To be clear, I have not run into issues with the way that it is now.  The default piping itself is what actually gives me pause from time to time.  For example:

<?xml version="1.0" encoding="UTF-8"?>
<p:pipeline xmlns:p="http://www.w3.org/ns/xproc" version="1.0" xpath-version="2.0">
    <p:serialization port="result"
        version="1.0" omit-xml-declaration="false"
        encoding="UTF-8" indent="true"/>
    <p:xslt name="preprocess" version="2.0">
        <p:input port="stylesheet">
            <p:document href="preprocess.xsl"/>
        </p:input>
    </p:xslt>
    <p:store href="preprocess.xml"
        version="1.0" omit-xml-declaration="false"
        encoding="UTF-8" indent="true"/>
    <p:xslt name="transform" version="2.0">
        <p:input port="source">
            <p:pipe step="preprocess" port="result"/>
        </p:input>
        <p:input port="stylesheet">
            <p:document href="data.xsl"/>
        </p:input>
    </p:xslt>
</p:pipeline>

Here the "preprocess" step implicitly pipes the pipeline's implicit "source" input to its own "source" input.  It also implicitly pipes the pipeline's implicit "parameters" input to its own "parameters" input.

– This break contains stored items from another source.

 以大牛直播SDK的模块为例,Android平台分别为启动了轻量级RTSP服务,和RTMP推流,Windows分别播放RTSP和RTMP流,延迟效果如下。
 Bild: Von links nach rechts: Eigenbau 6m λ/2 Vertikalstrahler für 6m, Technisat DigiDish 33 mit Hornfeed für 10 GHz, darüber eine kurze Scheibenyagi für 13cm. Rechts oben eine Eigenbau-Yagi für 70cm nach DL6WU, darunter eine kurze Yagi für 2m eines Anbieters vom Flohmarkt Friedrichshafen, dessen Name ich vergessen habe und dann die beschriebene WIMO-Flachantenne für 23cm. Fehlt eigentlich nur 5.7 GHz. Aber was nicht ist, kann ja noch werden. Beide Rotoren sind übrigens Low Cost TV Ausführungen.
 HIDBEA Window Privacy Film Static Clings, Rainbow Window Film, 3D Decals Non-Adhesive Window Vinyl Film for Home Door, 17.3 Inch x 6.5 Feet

The p:store step implicitly pipes the "preprocess" step's "result" output to its own "source" input.

The "transform" step (apparently) implicitly pipes the pipeline's implicit "parameters" input to its own "parameters" input.  However, it does _not_ implicitly pipe the last "result" output (i.e. from the "preprocess" step) to its own "source" input.  I.e. if I comment out the explicit pipe...

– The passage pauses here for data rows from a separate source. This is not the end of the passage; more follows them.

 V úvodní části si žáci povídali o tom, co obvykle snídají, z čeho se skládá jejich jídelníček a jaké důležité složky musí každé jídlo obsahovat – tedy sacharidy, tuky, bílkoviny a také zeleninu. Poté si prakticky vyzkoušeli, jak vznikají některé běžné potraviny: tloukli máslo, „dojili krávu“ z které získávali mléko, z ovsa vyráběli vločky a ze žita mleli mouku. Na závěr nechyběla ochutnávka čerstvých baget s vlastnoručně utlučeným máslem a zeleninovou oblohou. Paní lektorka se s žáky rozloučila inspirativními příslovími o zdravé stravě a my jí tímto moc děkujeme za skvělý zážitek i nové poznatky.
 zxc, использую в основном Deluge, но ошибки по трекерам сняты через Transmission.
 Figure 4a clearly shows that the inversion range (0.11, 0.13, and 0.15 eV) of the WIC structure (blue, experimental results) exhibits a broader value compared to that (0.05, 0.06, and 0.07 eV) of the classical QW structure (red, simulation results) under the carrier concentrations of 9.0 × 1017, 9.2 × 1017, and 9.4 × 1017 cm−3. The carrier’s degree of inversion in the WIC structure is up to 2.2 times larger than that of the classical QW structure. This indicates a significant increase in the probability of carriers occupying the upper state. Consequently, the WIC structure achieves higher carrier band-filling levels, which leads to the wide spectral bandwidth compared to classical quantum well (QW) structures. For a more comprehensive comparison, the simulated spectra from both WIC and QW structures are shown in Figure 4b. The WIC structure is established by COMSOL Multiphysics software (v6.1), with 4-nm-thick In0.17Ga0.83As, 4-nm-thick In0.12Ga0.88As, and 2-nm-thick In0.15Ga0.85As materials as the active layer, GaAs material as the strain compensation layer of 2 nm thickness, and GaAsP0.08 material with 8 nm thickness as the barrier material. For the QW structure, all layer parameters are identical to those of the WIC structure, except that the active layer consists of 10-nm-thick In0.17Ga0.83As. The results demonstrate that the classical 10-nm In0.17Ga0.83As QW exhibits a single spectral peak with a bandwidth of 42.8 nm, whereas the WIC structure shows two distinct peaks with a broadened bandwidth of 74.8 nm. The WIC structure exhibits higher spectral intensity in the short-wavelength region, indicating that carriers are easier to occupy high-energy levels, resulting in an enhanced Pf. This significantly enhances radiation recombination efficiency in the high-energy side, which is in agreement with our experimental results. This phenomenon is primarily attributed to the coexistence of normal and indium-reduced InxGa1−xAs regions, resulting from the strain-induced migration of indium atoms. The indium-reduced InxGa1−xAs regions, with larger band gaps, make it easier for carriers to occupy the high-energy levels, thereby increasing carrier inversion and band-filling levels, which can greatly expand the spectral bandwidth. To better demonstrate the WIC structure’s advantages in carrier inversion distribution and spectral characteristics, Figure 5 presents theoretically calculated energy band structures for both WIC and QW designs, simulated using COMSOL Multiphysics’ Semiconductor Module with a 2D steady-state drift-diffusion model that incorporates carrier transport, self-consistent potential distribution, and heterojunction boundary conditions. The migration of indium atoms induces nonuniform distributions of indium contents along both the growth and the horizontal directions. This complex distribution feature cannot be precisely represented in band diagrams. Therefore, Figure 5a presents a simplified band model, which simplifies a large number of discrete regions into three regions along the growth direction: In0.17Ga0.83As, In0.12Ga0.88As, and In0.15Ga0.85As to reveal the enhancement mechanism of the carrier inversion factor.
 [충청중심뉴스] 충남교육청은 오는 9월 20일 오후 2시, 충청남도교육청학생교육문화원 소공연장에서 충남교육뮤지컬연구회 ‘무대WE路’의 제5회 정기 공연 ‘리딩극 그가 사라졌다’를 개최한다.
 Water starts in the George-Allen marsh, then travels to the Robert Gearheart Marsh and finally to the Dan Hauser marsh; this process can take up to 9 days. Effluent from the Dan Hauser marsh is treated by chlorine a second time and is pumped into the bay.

    <p:xslt name="transform" version="2.0">
        <!--<p:input port="source">
            <p:pipe step="preprocess" port="result"/>
        </p:input>-->
        <p:input port="stylesheet">
            <p:document href="data.xsl"/>
        </p:input>
    </p:xslt>

...the pipeline fails.  What it looks like to me is that the "parameters" input of the pipeline can be implicitely piped more than once, but not normal inputs.  So I put in the explicit pipe while thinking to myself: this type of branching happens so often that I might as well just specify the bindings myself because apparently primary input ports do not automatically map to the first available primary output port, and, even if they did, that would be brittle.  E.g. the above is basically:

      p:xslt
      /    \
     /      \
  p:store  p:xslt

but if instead I need to add a step before the p:store branch

                        p:xslt
                        /    \
                       /      \
  p:validate-with-xml-schema  p:xslt
                      |
                      |
                   p:store

that would instantly break the previous implicit binding.  The moral of story is that, for me, branching pipeline + implicit anything is brittle and error-prone (and in a non-local way).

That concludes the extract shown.